Часть 12 из 38 В начало
Для доступа к библиотеке пройдите авторизацию
— Вашу келью? — Санитар слегка усмехнулся. Просьбу Долля он выполнять не торопился. — Но разве с сегодняшнего вечера там не сидит Бартель из четырнадцатой палаты? Он, знаете ли, немножко буянил…
— А мне теперь куда? В четырнадцатую палату? — осведомился Долль. Он все еще не верил в очевидное.
— Ну, об этом я вам ничего сказать не могу! — Санитар пожал плечами и двинулся дальше. — Насколько я знаю, на этот счет никаких указаний не поступало.
Прекрасно — как мило, как трогательно! — подумал Долль и пошел на кухню. Ну что ж, посмотрим. Qui vivra, verra…[3]
На кухне сидела за столом его старая приятельница, нянечка Кляйншмидт. Не один десяток раз они вместе тряслись в бомбоубежище, а после налета делили по-братски последнюю сигарету и последние зерна кофе.
— Ну что? — спросила Кляйншмидт, когда Долль молча сел напротив нее на деревянный стул. — Что скажете? Вы вроде как сами себя выписали, а, герр Долль?
— Пусть без разрешения, но я всего лишь сходил навестить больную жену, — отозвался Долль. — А они заняли мой бункер. Начальство себя что, господом богом возомнило?!
— Господь бог все всегда делает правильно! — закивала нянечка, которая тайного советника не выносила точно так же, как Долль, а главврача знала уже лет двадцать. — Знаете что, доктор Долль, — продолжала она, многозначительно прищурившись, — будь я на вашем месте, я бы согласилась, что выписалась по собственной воле… — и добавила после паузы: — Я не позволила бы со скандалом выкинуть меня из лечебницы, которая заработала на мне столько денег. Лучше выкинуться самой!
Долль на мгновение задумался. Время шло к восьми.
— Я еще успею на метро? — спросил он.
— Конечно! Конечно!
«Домой я уж как-нибудь попаду. Шульциха вряд ли будет рада моему появлению, но с ней я разберусь. Мое возвращение в мир, к деятельной жизни произошло быстрее, чем я рассчитывал, но Кляйншмидт совершенно права: лучше я сам уйду, чем меня уйдут!»
— Ну что? — осведомилась нянечка, испытующе глядя на него.
— Решено! — ответил он и поднялся. — До свидания, дорогая моя, а может, никакого свидания и не будет — по крайней мере, не в этих стенах!

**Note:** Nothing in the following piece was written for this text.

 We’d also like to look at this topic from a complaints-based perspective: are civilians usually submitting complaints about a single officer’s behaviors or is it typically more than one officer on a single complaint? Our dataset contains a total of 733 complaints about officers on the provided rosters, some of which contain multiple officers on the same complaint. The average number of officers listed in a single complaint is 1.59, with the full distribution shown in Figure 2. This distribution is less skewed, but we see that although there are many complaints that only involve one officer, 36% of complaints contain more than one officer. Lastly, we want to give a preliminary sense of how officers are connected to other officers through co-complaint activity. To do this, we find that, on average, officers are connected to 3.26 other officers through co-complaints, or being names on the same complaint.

— Погодите! Секунду! — воскликнула санитарка, не пожимая протянутой руки. — Вы же даже не поужинали! Подождите! Я вам дам кой-чего. — И она достала из термошкафа миску картошки с морковкой. И положила на нее хлеб — четыре, пять ломтей.
— Ну нет, так не пойдет! — воспротивился Долль. — Столько хлеба мне не положено. Я не хочу, чтобы вы меня подкармливали за счет других.

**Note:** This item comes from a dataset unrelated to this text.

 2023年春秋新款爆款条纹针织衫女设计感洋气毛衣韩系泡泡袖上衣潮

— Не говорите ерунды, — отрезала Кляйншмидт. — Я не дам вам больше того, за что смогу отчитаться, — и пояснила: — У Бартеля был припадок, ему сделали укол, и он не проснется до утра. Ужин ему не нужен. Так что ешьте!

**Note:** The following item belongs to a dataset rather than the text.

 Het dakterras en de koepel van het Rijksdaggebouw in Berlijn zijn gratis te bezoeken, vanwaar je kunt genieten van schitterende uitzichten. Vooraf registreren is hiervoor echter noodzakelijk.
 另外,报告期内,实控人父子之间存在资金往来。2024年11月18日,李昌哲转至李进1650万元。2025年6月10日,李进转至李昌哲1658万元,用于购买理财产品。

— Ну тогда ладно! Спасибо большое! — обрадовался Долль и накинулся на еду, как голодный волк. Пока он ел, санитарка спокойно скрутила из окурков папиросу, зажгла ее от газовой горелки термошкафа и принялась расспрашивать Долля, как чувствует себя его жена, есть ли ему где жить, какие у него имеются вещи и, главное, какие перспективы…
— Вот и славно! — наконец сказала она, убирая миску и водружая перед ним стакан кофе с молоком и тарелку бутербродов с вареньем. — Вы все начнете сначала, как и мы все. Вам это не повредит. Глядишь, и блажь сама собой пройдет!
Долль опять запротестовал:
— Но вот эти бутерброды с вареньем точно не больничный паек! Это из ваших запасов. Такими бутербродами здесь не потчуют. К тому же я уже совершенно сыт.
— Вот как взрослый человек может нести такой вздор, — усмехнулась она. — Лучше радуйтесь, что можете наесться, — вам предстоят голодные дни! Жрите уже, несчастный вы человек! — прикрикнула вдруг она гневно. — Что я сказала, когда утром 16 февраля сорок четвертого вы отдали мне ваш последний кофе и последнюю сигарету?! Просто слов нет, — продолжила она уже более мирно, когда он послушно принялся за еду, — как мужики выкобениваются — да так ни одна девица не ломается!
Позже, когда он уже собрался уходить, она протянула ему «фильтровую» сигарету и купюру в двадцать марок.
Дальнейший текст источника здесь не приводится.